▶ [What is needed]:
After locating the line with "2023年10月浙江省高等教" below, output it and each following line exactly, stopping after the line with "बांग्लादेश आम चुनाव". No pictures.

▶ [Listed records]:

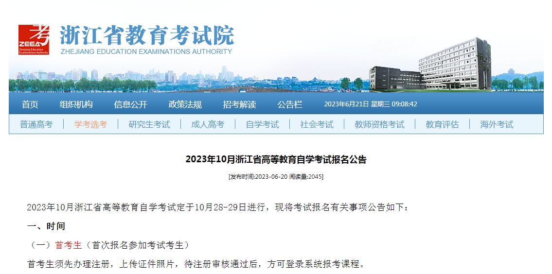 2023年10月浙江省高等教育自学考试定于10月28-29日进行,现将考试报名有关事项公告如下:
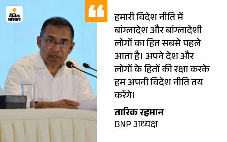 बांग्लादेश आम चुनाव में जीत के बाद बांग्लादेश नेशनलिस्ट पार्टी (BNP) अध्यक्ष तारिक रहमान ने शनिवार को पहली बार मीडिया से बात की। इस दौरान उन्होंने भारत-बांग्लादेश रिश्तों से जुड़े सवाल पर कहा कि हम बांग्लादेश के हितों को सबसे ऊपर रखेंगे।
--
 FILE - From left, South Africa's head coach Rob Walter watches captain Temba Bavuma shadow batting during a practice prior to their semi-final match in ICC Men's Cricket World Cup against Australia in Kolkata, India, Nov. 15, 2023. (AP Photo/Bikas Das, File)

▶ [Task result]:
 2023年10月浙江省高等教育自学考试定于10月28-29日进行,现将考试报名有关事项公告如下:
 बांग्लादेश आम चुनाव में जीत के बाद बांग्लादेश नेशनलिस्ट पार्टी (BNP) अध्यक्ष तारिक रहमान ने शनिवार को पहली बार मीडिया से बात की। इस दौरान उन्होंने भारत-बांग्लादेश रिश्तों से जुड़े सवाल पर कहा कि हम बांग्लादेश के हितों को सबसे ऊपर रखेंगे।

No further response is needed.